== Segment start ==

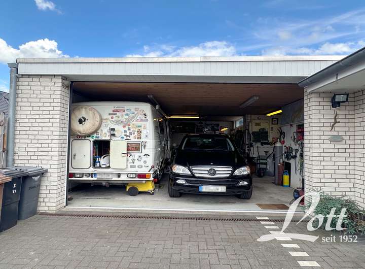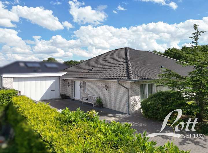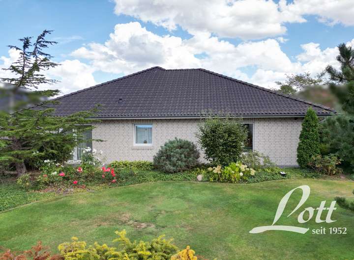 Der sehr ansprechende Bungalow wurde im Jahre 2014 in konventioneller Massivbauweise errichtet. Der Flachdachanbau beinhaltet eine übergroße Doppelgarage mit idealer Unterstellmöglichkeit für ein Wohnmobil und eine Hobbywerkstatt. Weiter sind eine überdachte Terrasse und ein kleiner Holzschuppen vorhanden.
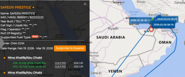 6、已确认集装箱船“Safeen Prestige”轮在霍尔木兹海峡遇袭沉没
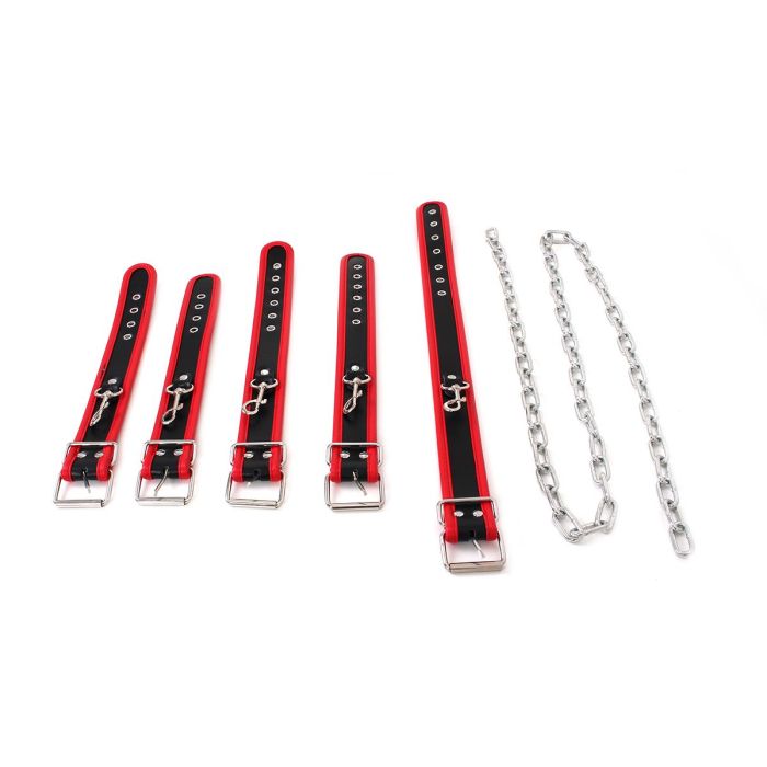 De hand- en enkelboeien, samen met de bijpassende collar, creëren een complete set die je samen met je partner kunt verkennen. Of je nu een beginner bent die zijn eerste stappen in de wereld van BDSM zet, of een ervaren gebruiker die op zoek is naar nieuwe manieren om je grenzen te verleggen, deze ketting biedt de perfecte gelegenheid om nieuwe hoogtes van genot te ontdekken.
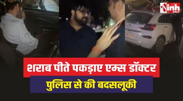 Bhopal AIIMS Doctor : मध्यप्रदेश की राजधानी भोपाल के बागसेवनिया थाना क्षेत्र से एक शर्मनाक मामला सामने आया है। यहां एम्स अस्पताल के तीन डॉक्टर पुलिस द्वारा गश्त के दौरान गाड़ी में खुलेआम शराब पीते हुए पकड़े गए। जब पुलिस ने कार्रवाई करने की बात कही तो शराब पी रहे डॉक्टरों ने न केवल बदसलूकी की, बल्कि गाली-गलौज करते हुए पुलिसकर्मियों से अभद्र व्यवहार भी किया। इस पूरे घटनाक्रम का वीडियो सोशल मीडिया पर वायरल हो रहा है।
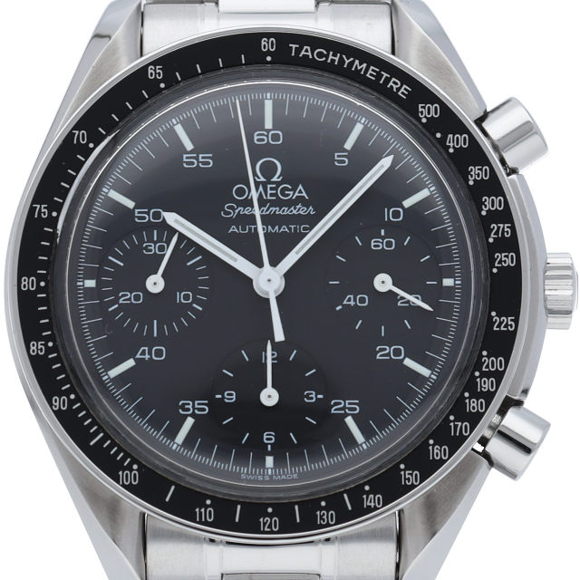 オメガを代表する人気シリーズ「スピードマスター」。プラ風防を使用したレトロな雰囲気かつシンプルにまとまったデザインがスタイルを選ばずにご使用いただけます。
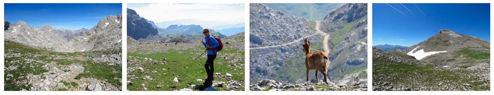 Seguimos camino pasando por el Sedo de la Padierna, la Colladina de las Nieves. Por este cómodo sendero rodeado de un manto verte y montañas de piedra caliza gris podíamos observar alucinados los altos picos y las vertiginosas cuestas nevadas que habíamos pateado el día anterior.
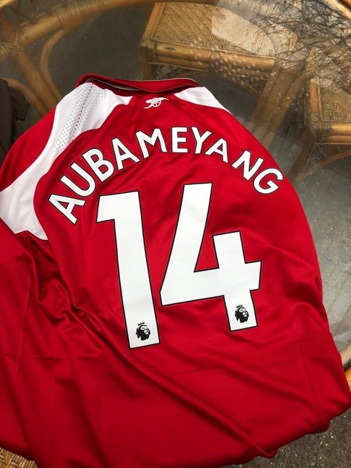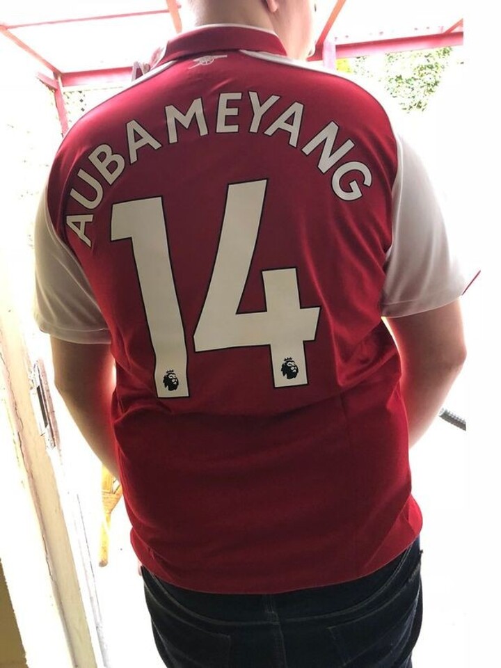 Arsenal have yet to complete a transfer for Pierre-Emerick Aubameyang. But already one overly confident Gunners fan has got the Gabon international's name printed on the back of his Arsenal shirt.

== Segment end ==

*Description of the task*.
Reproduce every line of the data above, exactly as it stands, but not the pictures.

*Result of this task*.
 Der sehr ansprechende Bungalow wurde im Jahre 2014 in konventioneller Massivbauweise errichtet. Der Flachdachanbau beinhaltet eine übergroße Doppelgarage mit idealer Unterstellmöglichkeit für ein Wohnmobil und eine Hobbywerkstatt. Weiter sind eine überdachte Terrasse und ein kleiner Holzschuppen vorhanden.
 6、已确认集装箱船“Safeen Prestige”轮在霍尔木兹海峡遇袭沉没
 De hand- en enkelboeien, samen met de bijpassende collar, creëren een complete set die je samen met je partner kunt verkennen. Of je nu een beginner bent die zijn eerste stappen in de wereld van BDSM zet, of een ervaren gebruiker die op zoek is naar nieuwe manieren om je grenzen te verleggen, deze ketting biedt de perfecte gelegenheid om nieuwe hoogtes van genot te ontdekken.
 Bhopal AIIMS Doctor : मध्यप्रदेश की राजधानी भोपाल के बागसेवनिया थाना क्षेत्र से एक शर्मनाक मामला सामने आया है। यहां एम्स अस्पताल के तीन डॉक्टर पुलिस द्वारा गश्त के दौरान गाड़ी में खुलेआम शराब पीते हुए पकड़े गए। जब पुलिस ने कार्रवाई करने की बात कही तो शराब पी रहे डॉक्टरों ने न केवल बदसलूकी की, बल्कि गाली-गलौज करते हुए पुलिसकर्मियों से अभद्र व्यवहार भी किया। इस पूरे घटनाक्रम का वीडियो सोशल मीडिया पर वायरल हो रहा है।
 オメガを代表する人気シリーズ「スピードマスター」。プラ風防を使用したレトロな雰囲気かつシンプルにまとまったデザインがスタイルを選ばずにご使用いただけます。
 Seguimos camino pasando por el Sedo de la Padierna, la Colladina de las Nieves. Por este cómodo sendero rodeado de un manto verte y montañas de piedra caliza gris podíamos observar alucinados los altos picos y las vertiginosas cuestas nevadas que habíamos pateado el día anterior.
 Arsenal have yet to complete a transfer for Pierre-Emerick Aubameyang. But already one overly confident Gunners fan has got the Gabon international's name printed on the back of his Arsenal shirt.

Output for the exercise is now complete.